Юрий Герт - Раскрепощение
«От тебя самого все зависит»,— нет, для Ивана Васильевича это не случайные, не бездумно брошенные слова...
7С Прокофьевым я часто виделся на заводе, но все как-то мимоходом. Сначала в парткоме, куда он заглянул после ночной смены: нужно было готовиться к итоговому политзанятию, он спешил взять необходимую литературу.
Потом мы встречались в цеху — в ту неделю Прокофьев работал в ночь, днем хлопотал по делам «Прожектора».
Поговорить же, и обстоятельно, мне хотелось, и я сам направился к Ивану Васильевичу домой в субботний вечер.
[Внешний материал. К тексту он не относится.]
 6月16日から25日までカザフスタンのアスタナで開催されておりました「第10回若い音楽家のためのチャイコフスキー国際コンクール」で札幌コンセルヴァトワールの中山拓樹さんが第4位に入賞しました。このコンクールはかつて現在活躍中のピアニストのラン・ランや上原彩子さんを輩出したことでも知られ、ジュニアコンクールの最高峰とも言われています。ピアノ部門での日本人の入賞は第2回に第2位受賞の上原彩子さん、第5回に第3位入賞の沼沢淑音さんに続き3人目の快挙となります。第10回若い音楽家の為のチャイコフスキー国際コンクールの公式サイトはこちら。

Он зашел за мной точно, минута в минуту — черный костюм, белая рубашка, несколько торжественное выражение лица: я был уже не просто приезжим журналистом, а его гостем.
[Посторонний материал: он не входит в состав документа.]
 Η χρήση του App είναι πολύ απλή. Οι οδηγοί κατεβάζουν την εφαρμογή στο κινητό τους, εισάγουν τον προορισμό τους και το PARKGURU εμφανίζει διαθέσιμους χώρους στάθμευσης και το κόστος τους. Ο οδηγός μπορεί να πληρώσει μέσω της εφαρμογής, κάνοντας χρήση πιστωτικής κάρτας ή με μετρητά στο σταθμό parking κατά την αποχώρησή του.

Вскоре, пройдя через старый,— оказывается, и в Темиртау есть такие! — сплошь затененный раскидистыми кленами двор, поднялись по прохладной после предвечернего уличного зноя лестнице на второй этаж. Днем раньше я побывал у директора завода и теперь, сравнивая квартиры, особой разницы не заметил — та же полированная мебель, тот же шкаф с книгами, тот же не загроможденный вещами уют. Я познакомился с женой Прокофьева, Аллой Корниловной, красивой крупной женщиной, с уверенными движениями, властным голосом, приветливой улыбкой.
Третьим членом семьи Прокофьевых был Юра, десятиклассник, вернее, почти уже и не десятиклассник, ему оставалось только два-три экзамена.
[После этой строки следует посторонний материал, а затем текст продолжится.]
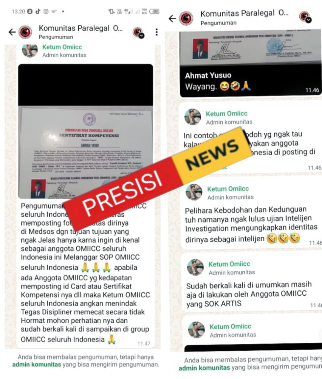 “Ini contoh orang bodoh yang enggak tahu kalau dia membahayakan anggota OMIICC seluruh indonesia diposting di FB dll”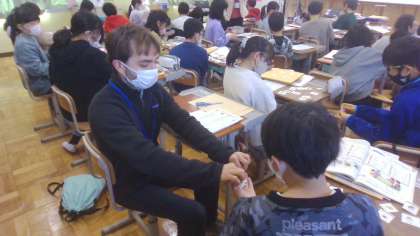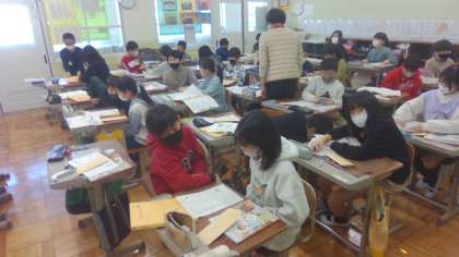 外国語の学習で「What would you like?」というUnitを学習しています。今日は、ペアで、お店屋さんとお客さんになってカードの商品のお買い物をしました。「How much?」や「Here you are.」とやり取りする姿はとても生き生きしていました。将来、みんなが外国に行ったときには、今日の学習を思い出して買い物をしてほしいと思います。

— Юрий Иванович,— представился он, не моргнув глазом, отвечая на мое рукопожатие. И с этой же, самой первой, минуты между нами возникли отношения, свойственные людям давно знакомым, которые уважают друг в друге независимость мнений, а неизбежные по возрасту расхождения обоюдно смягчают юмором.
Через несколько минут я уже знал, что Юра три года назад закончил музыкальную школу, но будущее связывает не с музыкой, а с Карагандинским мединститутом, он уже побывал там в прошлое воскресенье со своим другом, и не просто побывал, а ухитрился пробраться в анатомку, это не страшно, чепуха...
Вслед за тем я узнал и кое-что о его друзьях, а именно: что две Юрины соклассницы выбрали журфак, а потому хотели бы кое о чем со мной посоветоваться: тут же раздался телефонный звонок, за ним появились и сами девушки, а немного спустя пришли двое ребят, тоже закадычные Юрины друзья.
Так что у Прокофьевых в тот вечер образовалась, надо сказать, веселенькая компания, и не было никакой возможности для обстоятельной и неторопливой беседы; тут заварился извечный нестареющий разговор о вопросах как бы и бытового, и школьного порядка, но одновременно порядка, так сказать, космического — о настоящих людях и мещанах, о добре и зле, о равнодушии и непримиримости — вопросы, которые с малым отличием волнуют шестнадцати-, семнадцатилетний народ всюду, где ни доводилось мне бывать!
Но я заметил кое-какие особенности, характерные, возможно, для таких, как Темиртау, небольших рабочих городов.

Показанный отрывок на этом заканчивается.